My expected output is this

Code:

LCE6A GO:0031424 Late cornified envelope protein 6A
TRBC2 GO:0004872 T-cell receptor beta-2 chain C region
..........
........
.............
...........
SLC12A8 GO:0016020 Solute carrier family 12 member 8

Basically, what am I trying to do is to grab $3"\t"$4"\t"$9

Please note the following.

My input file is tab separated between columns and space separated in 9th column.
My expected output is also the same way.
The dots in my expected output means that the records in between needs to be printed. I didn't want to type everything.

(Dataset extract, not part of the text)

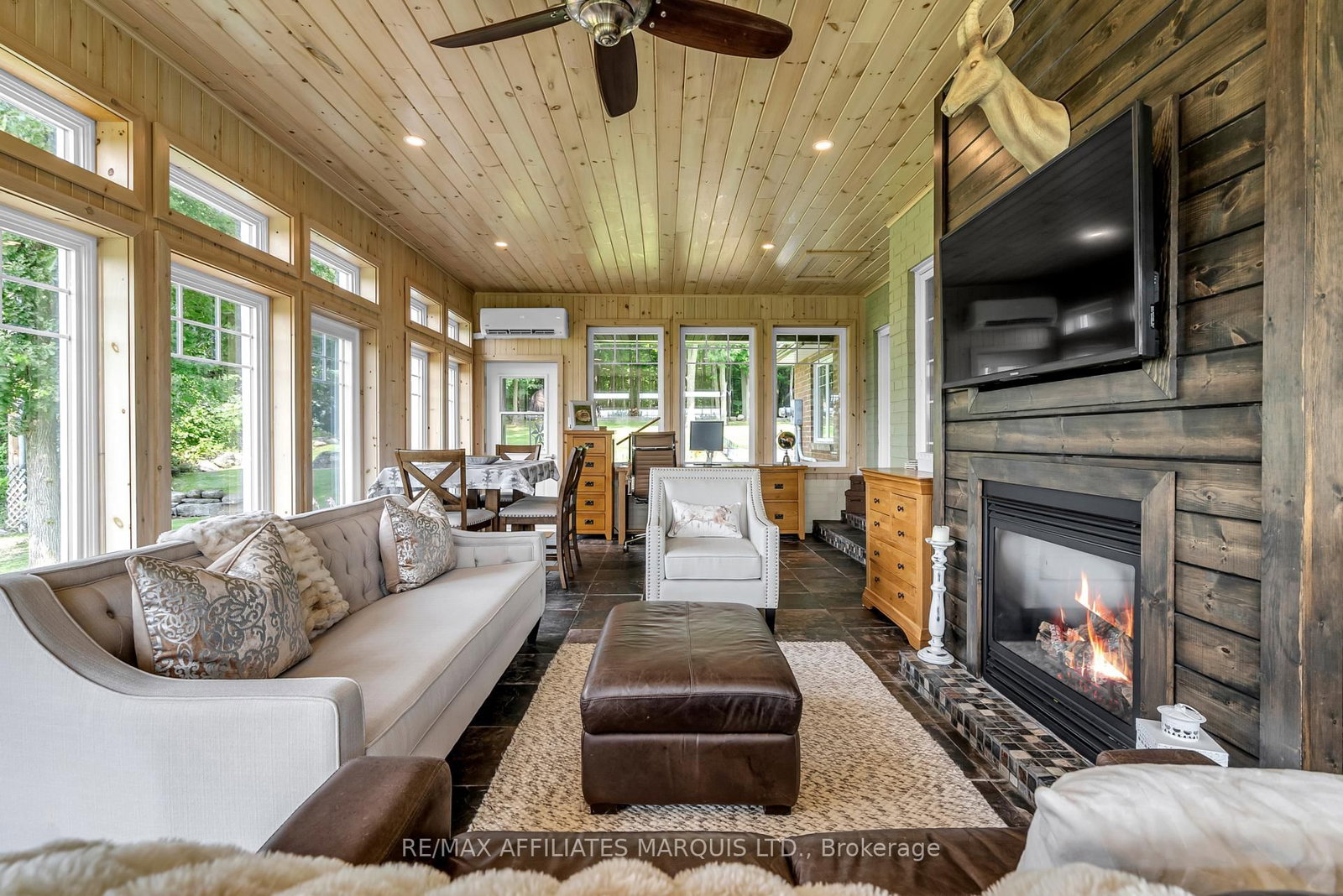 Perched high atop a picturesque 3-acre hilltop, this stunning country retreat offers breathtaking panoramic views and an unmatched sense of privacy. The 1 1/2 Storey on 18833 Paragon Road has 2 bedrooms, 3 bathrooms, and is located on a 800 x 150 ft lot in the community of South Glengarry (Charlottenburgh) Twp . From the moment you arrive, the curb appeal and distinctive charm set this property apart. Step inside to a truly unique interior where style and function blend seamlessly. The custom kitchen is a standout feature, complete with solid wood cabinetry, quartz countertops, thoughtful pull-outs, and an abundance of storage, all complemented by a cozy built-in breakfast nook. Wide plank flooring carries through the main living areas, creating warmth and continuity throughout. Enjoy a formal dining space for entertaining and a welcoming living room featuring a built-in entertainment center. One of the home's most captivating spaces is the spectacular four-season sunroom, anchored by a fireplace and surrounded by wall-to-wall windows that flood the space with natural light while showcasing the incredible views. The main floor is completed by a stylish 2-piece bathroom. Upstairs, you'll find two generously sized bedrooms and a beautifully appointed 4-piece bathroom. The fully finished basement adds even more living space with a spacious rec room, an additional bedroom, and a high-end bathroom featuring a walk-in shower, along with its own separate exterior access. A metal roof and cold climate heat pump provide efficiency, durability, and peace of mind. Outside, the property continues to impress with a heated 2-car garage, an additional 1-car garage, and a massive driveway offering ample parking for all your vehicles, toys, and guests. Extensive landscaping, including perennial gardens and tiered stone walls, enhances the natural beauty of the surroundings, creating a truly serene and unforgettable setting. This is more than a home, it's a lifestyle.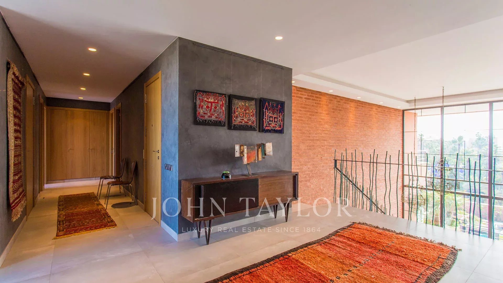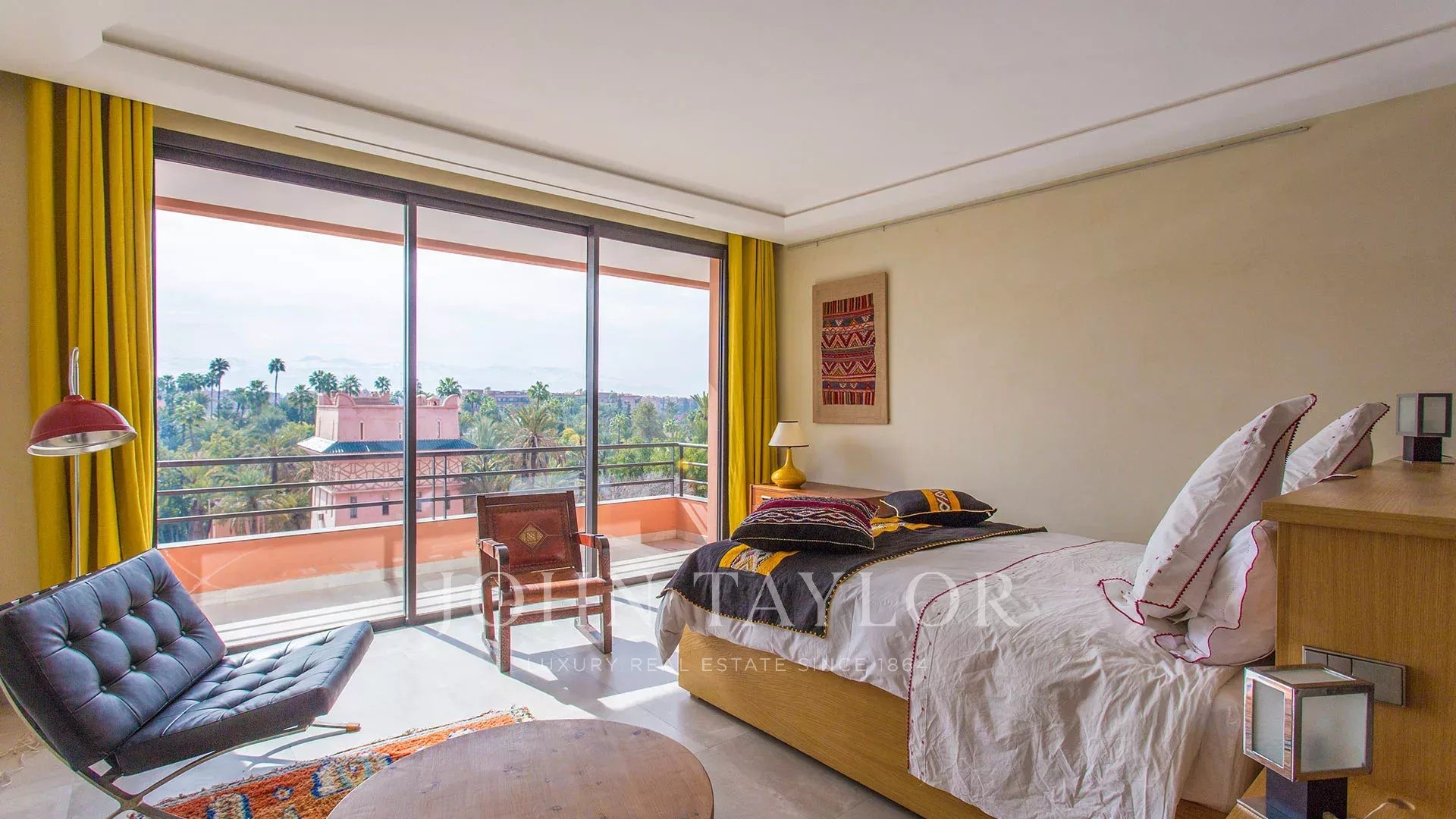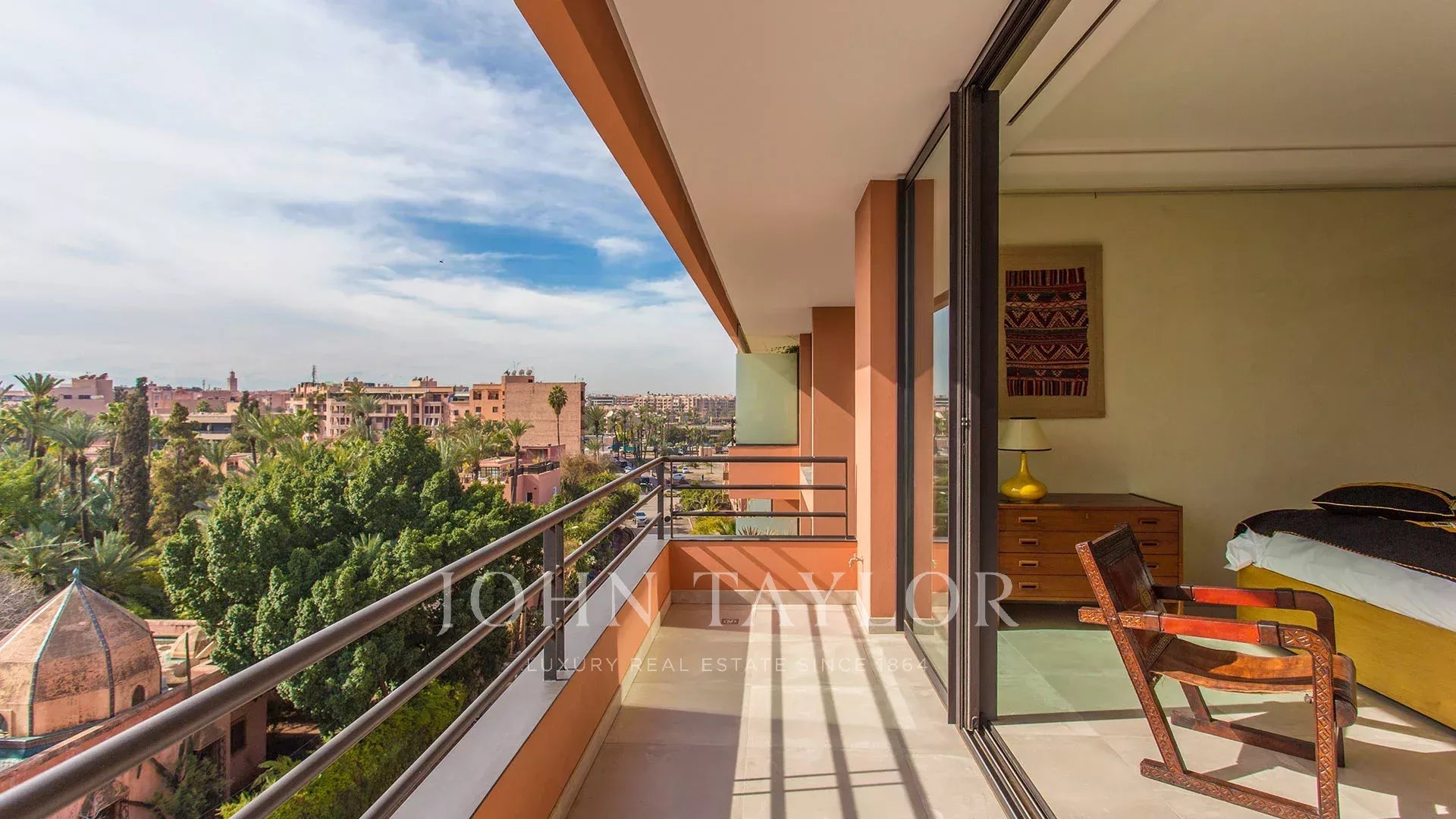 Aux 4ème et 5ème étages d’un immeuble de grand standing avec accès privé par ascenseur à chacun des étages, l’appartement offre de la plupart des pièces une vue superbe sur le Jardin Majorelle et la chaîne de l’Atlas.

Hopefully, you guys understood me.
IEA ($6) is a column and it is tab separated from other columns and is not space separated with other columns.
A hint might be....9th column can be extracted anything after

Code:

P or F or C in the 8th column

and eliminating the content before

Code:

_HUMAN

in $10.

jacobs.smith

View Public Profile for jacobs.smith

Find all posts by jacobs.smith

07-30-2012

Moderator

8,825, 1,112

Join Date: Feb 2005

Last Activity: 23 August 2021, 11:26 AM EDT

Location: Foxborough, MA

Posts: 8,825

Thanks Given: 579

Thanked 1,112 Times in 1,003 Posts

Code:

nawk -F'\t' '{print $3,$4,$9}' OFS='\t' myFile

vgersh99

View Public Profile for vgersh99

Find all posts by vgersh99

07-30-2012

Banned

363, 7

Join Date: Jan 2012

Last Activity: 24 June 2017, 6:25 PM EDT

Posts: 363

Thanks Given: 318

Thanked 7 Times in 7 Posts

Quote:

Originally Posted by vgersh99

Code:

nawk -F'\t' '{print $3,$4,$9}' OFS='\t' myFile

Thanks for ur time.

When I run ur code, the error I see is

Code:

-bash: nawk: command not found

I tried this

Code:

awk -F'\t' '{print $3,$4,$9}' OFS='\t' test | head

The output is

Code:

LCE6A		P
TRBC2		F
TRBC2		C
TRBC2		C
AMPD3		F
AMPD3		P
SLC12A8		P
SLC12A8		P
SLC12A8		F
SLC12A8		C

Does this mean that my input is space separated? I am confused now. Because, I printed all the columns to be tab separated.

jacobs.smith

View Public Profile for jacobs.smith

Find all posts by jacobs.smith

07-30-2012

Moderator

8,825, 1,112

Join Date: Feb 2005

Last Activity: 23 August 2021, 11:26 AM EDT

Location: Foxborough, MA

Posts: 8,825

Thanks Given: 579

Thanked 1,112 Times in 1,003 Posts

Quote:

Originally Posted by jacobs.smith

Thanks for ur time.

When I run ur code, the error I see is

Code:

-bash: nawk: command not found

I tried this

Code:

awk -F'\t' '{print $3,$4,$9}' OFS='\t' test | head

The output is

Code:

LCE6A        P
TRBC2        F
TRBC2        C
TRBC2        C
AMPD3        F
AMPD3        P
SLC12A8        P
SLC12A8        P
SLC12A8        F
SLC12A8        C

Does this mean that my input is space separated? I am confused now. Because, I printed all the columns to be tab separated.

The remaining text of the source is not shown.